Migration, member management and a members website
We started working with the Green Party of England and Wales in 2009. Our initial focus was on streamlining their membership sign up and renewal, which contributed to a dramatic increase in membership in the following years.
Once membership improvements were bedded in, we set to work on a number of further improvements to their back end processes, in partnership with others in the CiviCRM community.
Third Sector Design took the lead, working in partnership with Tech to the People who provided hosting, and Fuzion who brought their experience of implementing CiviCRM at the Green Parties of New Zealand, Australia and in other countries.
The initial migration to CiviCRM was fairly involved, requiring substation clean up and transformation of data before import, and a not insignificant amount of head-scratching to ensure we were taking best advantage of CiviCRM's toolkit at the time.
Once the initial migration was complete, and the membership and sign up and renewal bedded in, we started work on a private members website for internal party communication and organisation.

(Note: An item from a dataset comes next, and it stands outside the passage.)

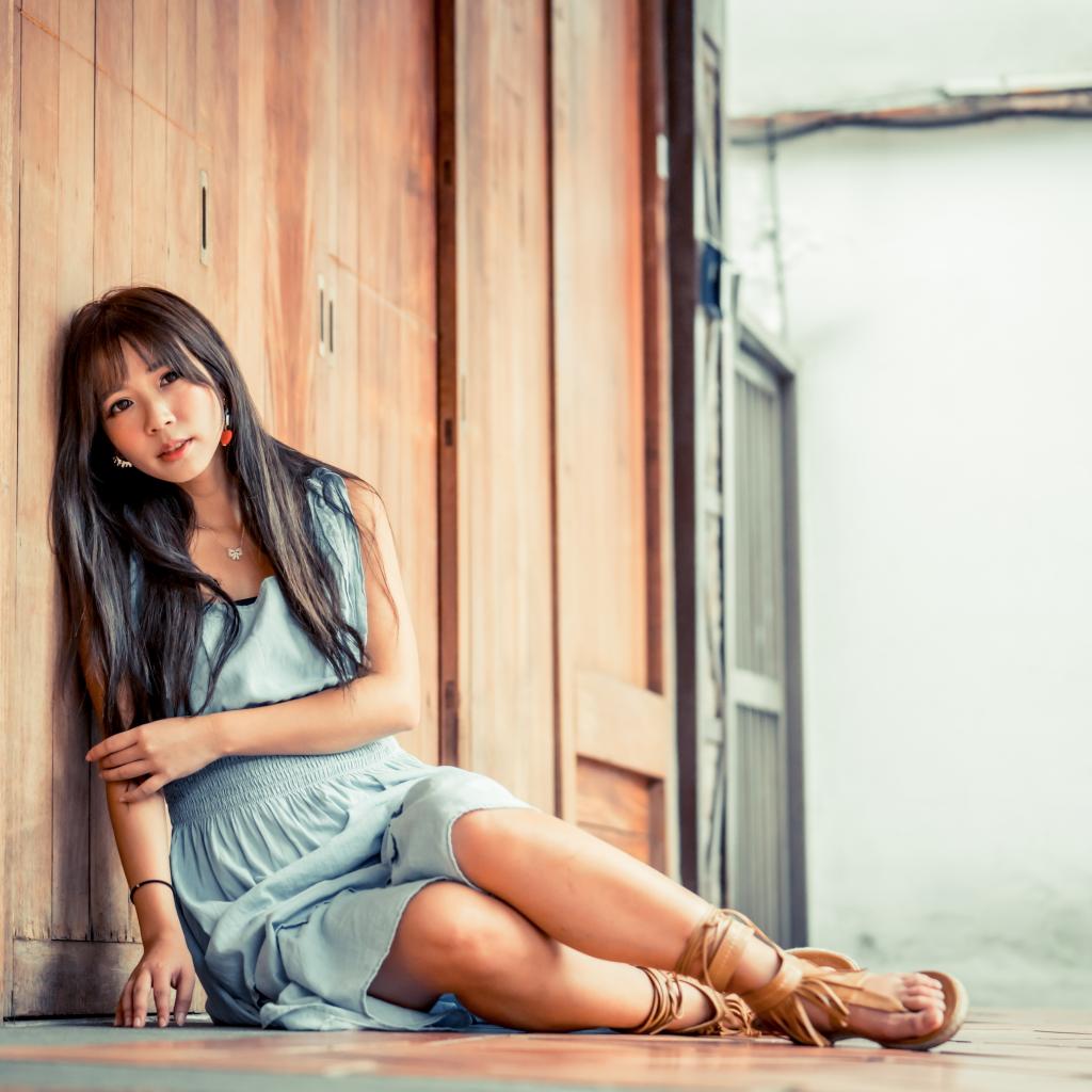 Wallpaper Asian girl in dress sits on the floor against the wall

The members website, built with Drupal, was tightly integrated with CiviCRM allowing us to control access to the site based on regional and local party affiliation which was automatically calculated based on the member's postcode.
Along the way, the Greens have been able to contribute back to CiviCRM in a number of ways, including: funding an integration with Mapit (mySociety's public API that can be used to look up UK administrative political data from postcodes); and contributing to the SmartDebit CiviCRM integration, originally written by Veda consulting and now improved by Matt Wire.
In 2013, as part of Third Sector Design's restructure, we handed over ongoing support and mantainence of the site to Circle Interactive. Peter McAndrew, who had been working for us as a project manager and developer, took a job as Head of Digital at the Green Party.
Though we are not directly involved with the Greens at this time, the project is still going strong and, we think it is a great example of the way in which different organisations with complimentary skills can collaborate on CiviCRM.